People will be able to buy emergency contraception pills, also called “after pills,” at local pharmacies without prescription as early as next year, Taiwan’s Food and Drug Administration (TFDA) said Monday.
The agency confirmed it has received an application by a pharmaceutical company for a change of the status of after pills it produces from prescription drugs to non-prescription, and that the review procedures have been launched.
The applicant company was required to present safety data for the drug, an educational plan for pharmacists, and instruction notes of the drug for review by a team of TFDA experts, said Chi Jo-feng (祁若鳳), a senior technical specialist at the TFDA’s Division of Medicinal Products.
While there are several required documents still missing, the application could not be given the green light until next year at the earliest, if everything goes smoothly, Chi said.
Chi revealed that while reviewing the application to change the status of after pills, the TFDA is at the same time considering setting restrictions on the sale of such drugs.
The initially proposed restrictions will include requiring buyers to be 17 years old or older, banning advertisements for the drug; and requiring that each person can only purchase a quantity for one-time use, Chi noted.
She said after pills are taken within 72 hours after a sexual intercourse, and that they act as an emergency contraception measure, instead of “discontinuing pregnancy.”

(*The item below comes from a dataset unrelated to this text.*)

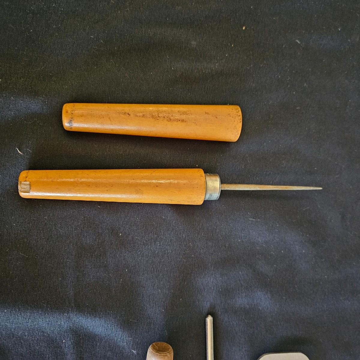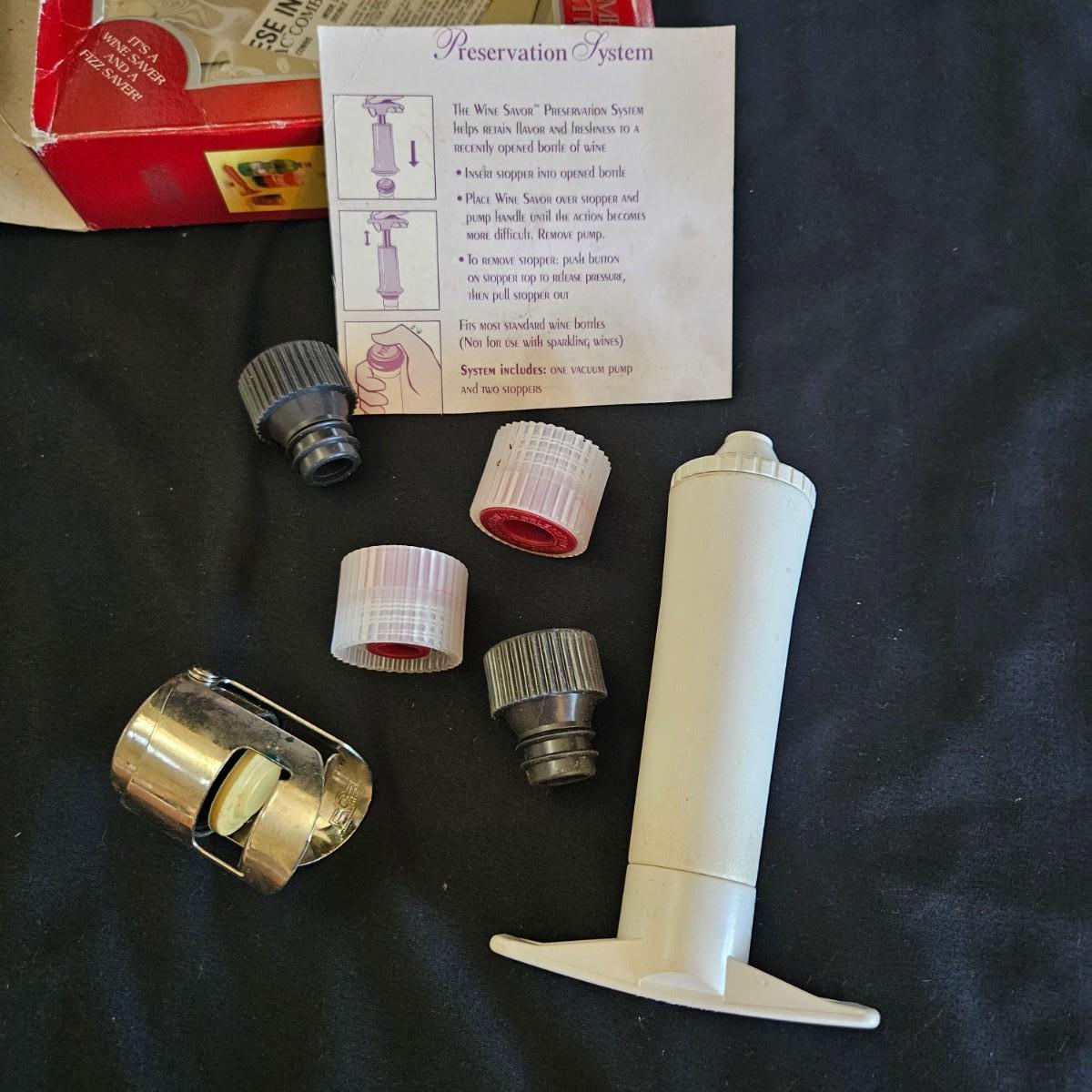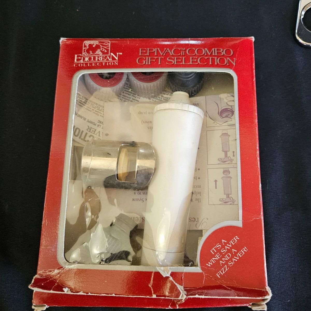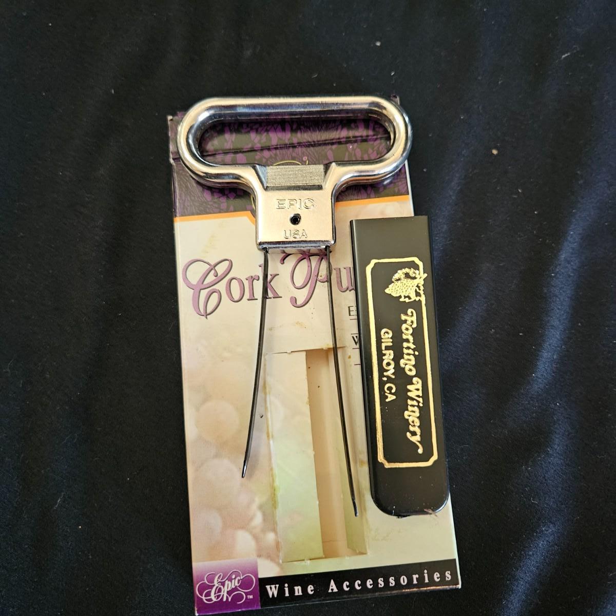 An assortment of wine and cocktail accessories that includes two ice buckets, two martini glasses, an ice mold, cork pullers, tongs, ice picks and more. The cork sided ice bucket measures approximately 8.5" x 10"H. Shipping available

World Health Organization data indicates after pills is a relatively safe contraception method because they are not for daily use, the specialist said.
The proposal to allow after pills marketed as non-prescription medicine, however, has led to worries by some physicians and civil groups about the possible abuse of the drug, according to a report by the United Daily News (UND).
Taiwan Association of Obstetrics and Gynecology secretary general Huang Min-chao (黃閔照), who is also an attending physician in obstetrics and gynecology at Mackay Memorial Hospital, was one of the physicians expressing concerns about the possible abuse, the report said.
Huang said once women rely on the drug, their menstrual period could become irregular and they may encounter an increased risk of abnormal hemorrhage.
Moreover, once after pills turn popular, he fears men would become more reluctant in using condoms. Huang warned one possible result could be efforts in the prevention and control of sexually transmitted infections could be hampered.